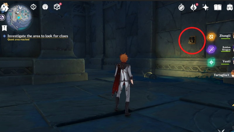 レバーを操作した後、部屋を出る クエストマーカーを上にたどります。ロックされたメカニズムとストーンスレートパズルを含む部屋への別の狭い入り口に遭遇します.パイモンとの会話の後、矢部に話しかけると、行方不明の破損した石板をすべて探すように求められます。
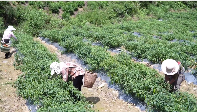 當地村民告訴筆者,獨特的高山氣候和土壤條件,孕育出的辣椒肉質脆嫩、辣中回甜,深受市場青睞。通過多茬采摘,辣椒的收獲期可持續到中秋節左右?!斑@個辣椒的口感,帶一點辣味,條形比較好,皮也比較薄,肉也比較脆?!笔Y勝取笑著說道,“吃起來有一點微甜,可以做辣椒醬、腌辣椒、干辣椒。”
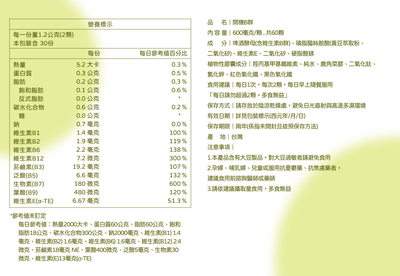 【自然酵母B群】模擬食物型態 吸收率高 溫和不刺激
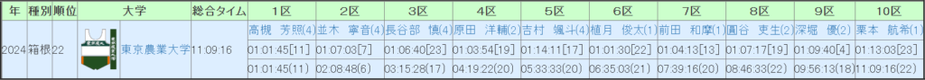 第102回(2026年)箱根駅伝 東京農業大学 区間配置予想
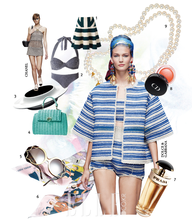 생 트로페와 니스, 칸을 잇는 지중해 연안의 리비에라. 초록을 띤 아주르 블루(Azure Blue)빛 해변은 F. 스콧 피츠제럴드와 피카소, 그레이스 켈리, 브리짓 바르도 등 세기적 작가와 예술가, 배우들이 꿈같은 휴가를 보낸 곳이다. 영화 <나는 결백하다>의 그레이스 켈리와 <슬픔이여 안녕>의 진 세버그, <리플리>의 기네스 팰트로를 떠올려보라. 50년대와 90년대의 낭만이 담긴 스타일 무비는 이번 시즌, 돌체 앤 가바나와 샤넬의 런웨이로 옮겨졌다. 버티컬 스트라이프 톱과 카프리 팬츠, 허리춤에 느슨히 묶은 셔츠와 풀 스커트, 에스파드리유, 캐츠 아이 선글라스와 바스켓 백은 이번 여름, 여자들의 휴가지를 리비에라의 낭만으로 이끌어줄 것이다. 설령 그곳이 생 트로페와 칸이 아닌들 어떠하리.
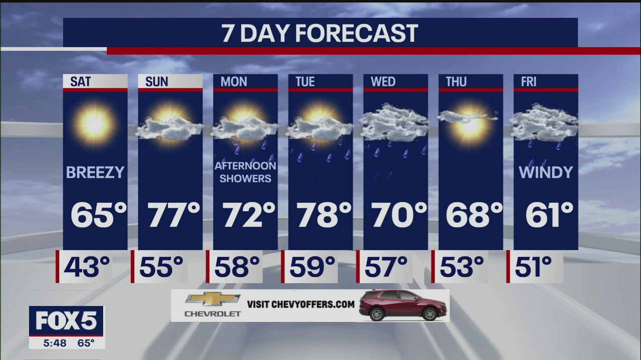 Nick Gregory has the weather forecast. Saturday will be sunny and breezy with highs in the mid-60s. Sunday will be partly sunny with highs in the high-70s.
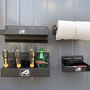 Heavy duty Magnetic Shelves, Caddy and Paper Towel Holder firmly attach to your toolbox, cabinet, locker, or any ferrous surface. Mount to the side of a car or your tool box for portable repairs.
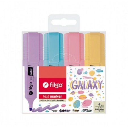 Resaltador Text marker Galaxy pastel  punta Biselada x4 FILGO
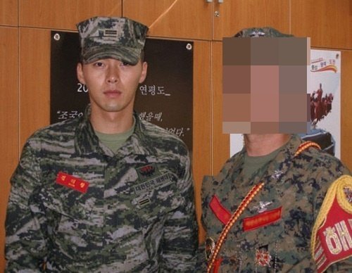 사진 속 현빈은 국방색 내복 위에 군복을 입고 간부로 추정되는 사람과 긴장한 듯한 표정으로 카메라를 바라보고 있다.
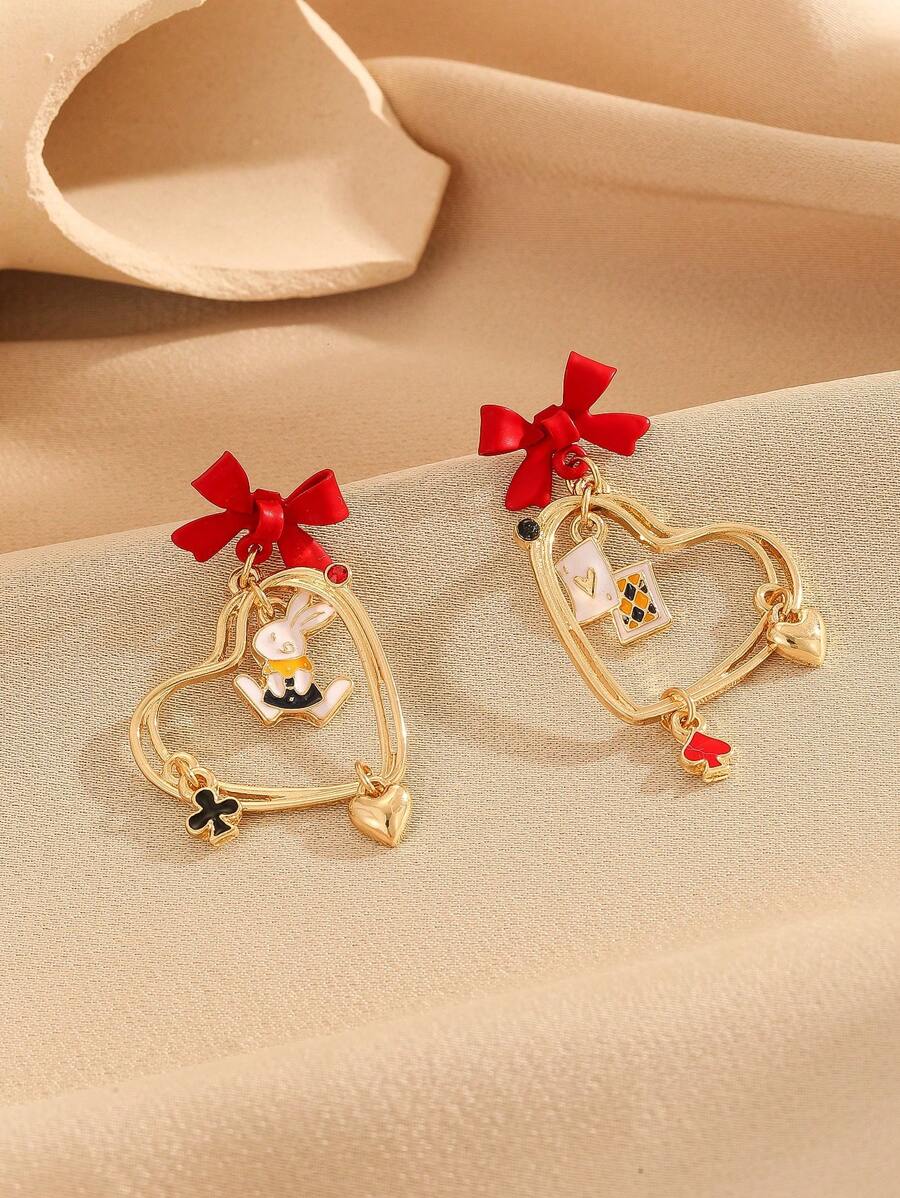 1pair Hollow Out Heart & Red Bowknot Shaped Stud Earrings, Suitable For Daily Wear, New Year & Valentine's Day Parties
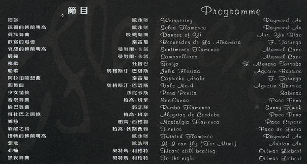 而筆者則相應地用不同的技巧來配合Adrian的創作,如追噫嘆息時的pulgar和ligado、送別時的無和絃的single rasgueado伴奏(仿效吉卜賽人送殯時Playeras的形式)、堅強奮發時的rolling rasgueado等。
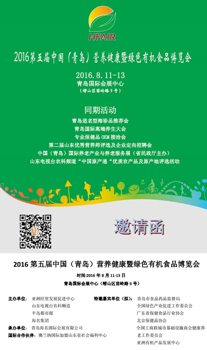 2016第五届中国(青岛)营养健康绿色有机食品博览会以“健康感动生命——Health for life”为主题、打造绿色健康为宗旨,得到了相关权威部门和业界的大力支持。青岛天然绿色及有机食品展会为生产商与经销商、贸易商及终端客户提供便捷的交流平台,是厂家打开国内外市场,展示推广新产品、交流新技术的品牌盛会!海名会展致力于有机食品展会10年,丰富的经验、专业的运作团队、庞大的数据资源等,能为您在华东地区品牌宣传、开拓市场、产品推广、商贸洽谈等各方面提供最强有力的帮助。
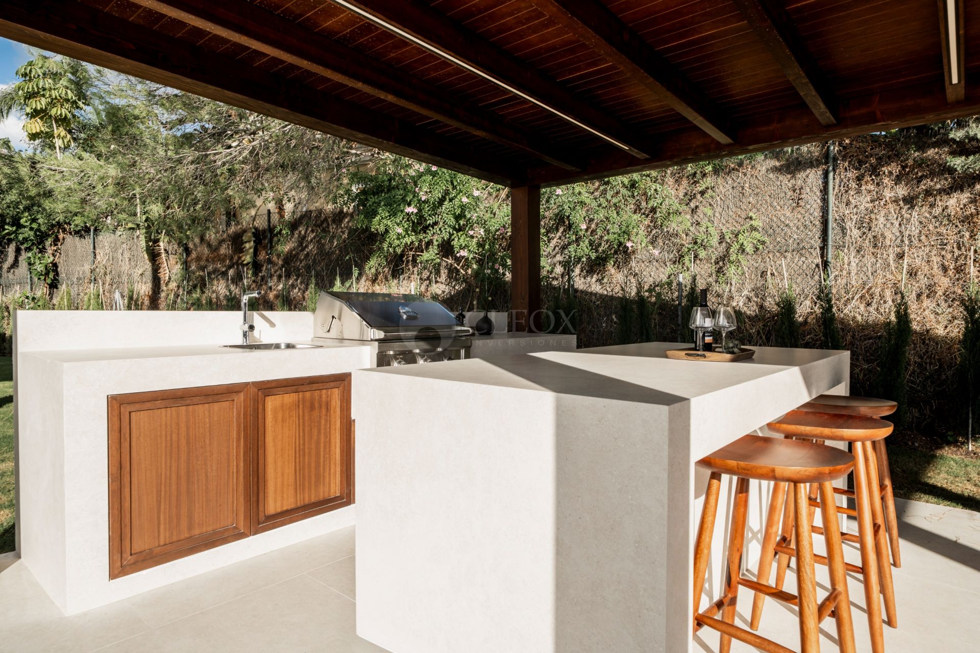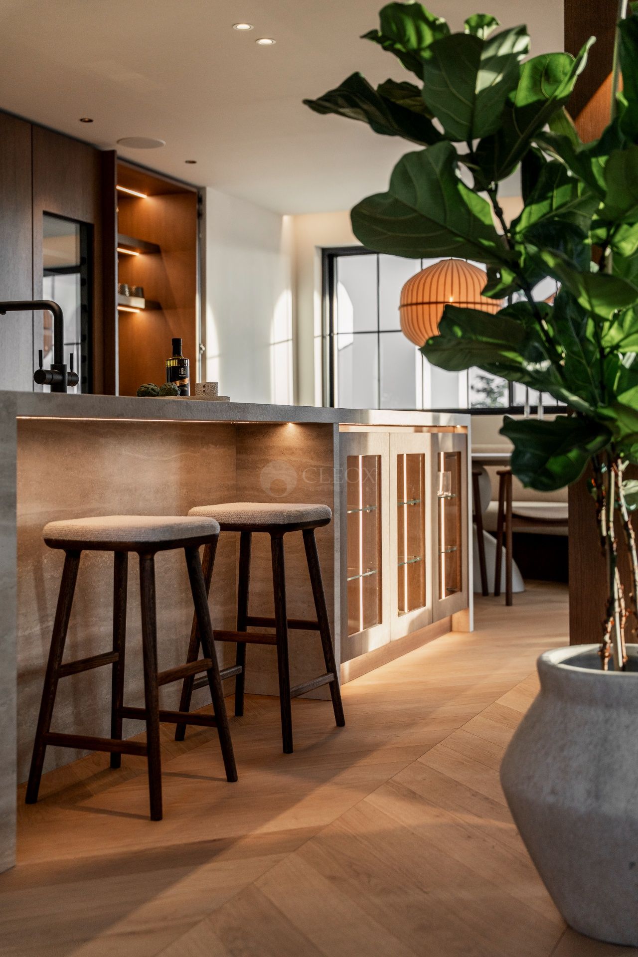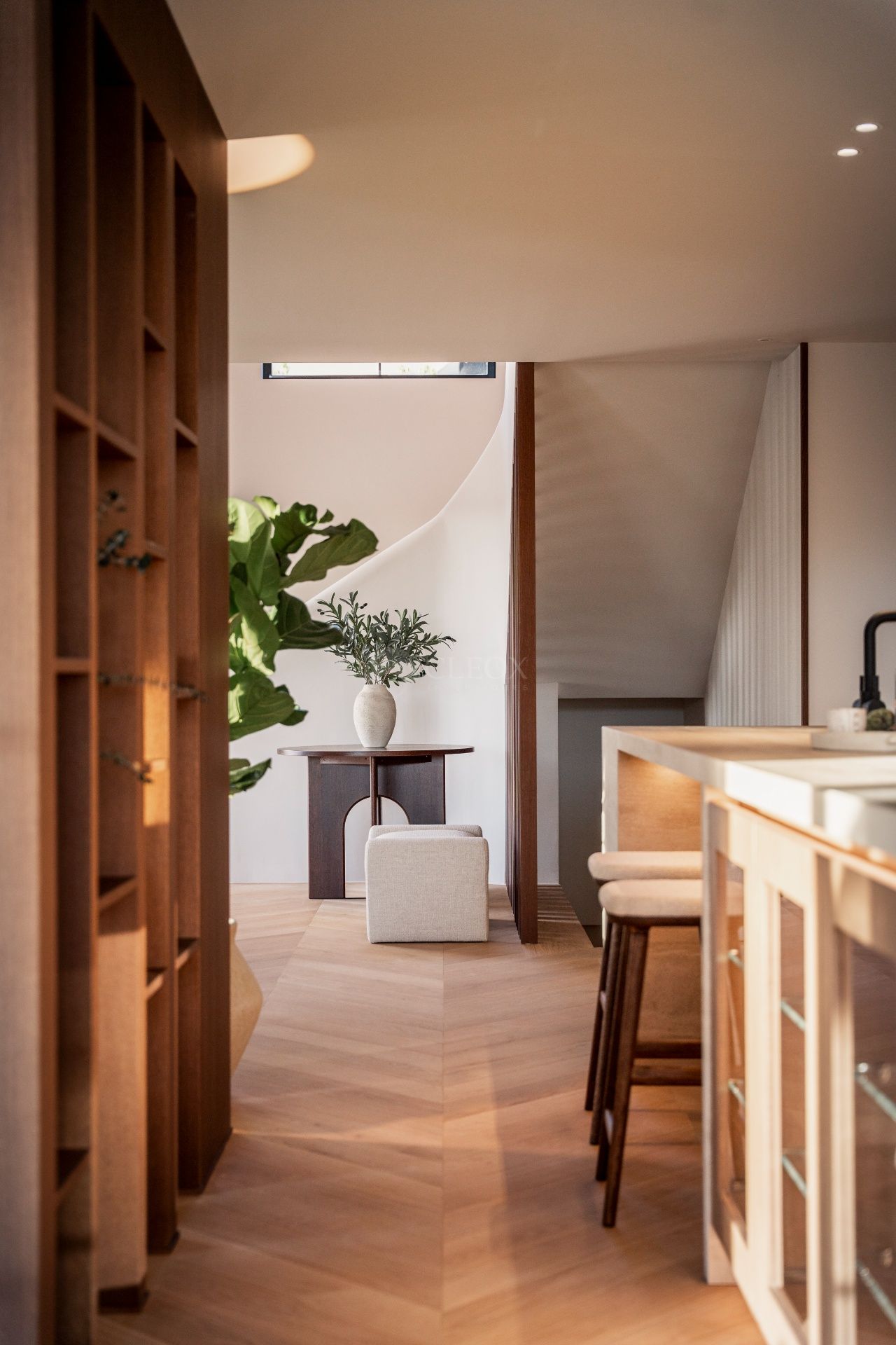 The property offers elegant and functional architecture, enhanced by a refined selection of materials that bring warmth and sophistication. Chevron wooden floors flow through the main living areas, while the Danespan kitchen, with its clean lines and high-end equipment, becomes the natural centre of family life and entertaining.

═══

• Task directions
Please output all of the entries above exactly, but without any picture.

• Task response
 レバーを操作した後、部屋を出る クエストマーカーを上にたどります。ロックされたメカニズムとストーンスレートパズルを含む部屋への別の狭い入り口に遭遇します.パイモンとの会話の後、矢部に話しかけると、行方不明の破損した石板をすべて探すように求められます。
 當地村民告訴筆者,獨特的高山氣候和土壤條件,孕育出的辣椒肉質脆嫩、辣中回甜,深受市場青睞。通過多茬采摘,辣椒的收獲期可持續到中秋節左右?!斑@個辣椒的口感,帶一點辣味,條形比較好,皮也比較薄,肉也比較脆?!笔Y勝取笑著說道,“吃起來有一點微甜,可以做辣椒醬、腌辣椒、干辣椒。”
 【自然酵母B群】模擬食物型態 吸收率高 溫和不刺激
 第102回(2026年)箱根駅伝 東京農業大学 区間配置予想
 생 트로페와 니스, 칸을 잇는 지중해 연안의 리비에라. 초록을 띤 아주르 블루(Azure Blue)빛 해변은 F. 스콧 피츠제럴드와 피카소, 그레이스 켈리, 브리짓 바르도 등 세기적 작가와 예술가, 배우들이 꿈같은 휴가를 보낸 곳이다. 영화 <나는 결백하다>의 그레이스 켈리와 <슬픔이여 안녕>의 진 세버그, <리플리>의 기네스 팰트로를 떠올려보라. 50년대와 90년대의 낭만이 담긴 스타일 무비는 이번 시즌, 돌체 앤 가바나와 샤넬의 런웨이로 옮겨졌다. 버티컬 스트라이프 톱과 카프리 팬츠, 허리춤에 느슨히 묶은 셔츠와 풀 스커트, 에스파드리유, 캐츠 아이 선글라스와 바스켓 백은 이번 여름, 여자들의 휴가지를 리비에라의 낭만으로 이끌어줄 것이다. 설령 그곳이 생 트로페와 칸이 아닌들 어떠하리.
 Nick Gregory has the weather forecast. Saturday will be sunny and breezy with highs in the mid-60s. Sunday will be partly sunny with highs in the high-70s.
 Heavy duty Magnetic Shelves, Caddy and Paper Towel Holder firmly attach to your toolbox, cabinet, locker, or any ferrous surface. Mount to the side of a car or your tool box for portable repairs.
 Resaltador Text marker Galaxy pastel  punta Biselada x4 FILGO
 사진 속 현빈은 국방색 내복 위에 군복을 입고 간부로 추정되는 사람과 긴장한 듯한 표정으로 카메라를 바라보고 있다.
 1pair Hollow Out Heart & Red Bowknot Shaped Stud Earrings, Suitable For Daily Wear, New Year & Valentine's Day Parties
 而筆者則相應地用不同的技巧來配合Adrian的創作,如追噫嘆息時的pulgar和ligado、送別時的無和絃的single rasgueado伴奏(仿效吉卜賽人送殯時Playeras的形式)、堅強奮發時的rolling rasgueado等。
 2016第五届中国(青岛)营养健康绿色有机食品博览会以“健康感动生命——Health for life”为主题、打造绿色健康为宗旨,得到了相关权威部门和业界的大力支持。青岛天然绿色及有机食品展会为生产商与经销商、贸易商及终端客户提供便捷的交流平台,是厂家打开国内外市场,展示推广新产品、交流新技术的品牌盛会!海名会展致力于有机食品展会10年,丰富的经验、专业的运作团队、庞大的数据资源等,能为您在华东地区品牌宣传、开拓市场、产品推广、商贸洽谈等各方面提供最强有力的帮助。
 The property offers elegant and functional architecture, enhanced by a refined selection of materials that bring warmth and sophistication. Chevron wooden floors flow through the main living areas, while the Danespan kitchen, with its clean lines and high-end equipment, becomes the natural centre of family life and entertaining.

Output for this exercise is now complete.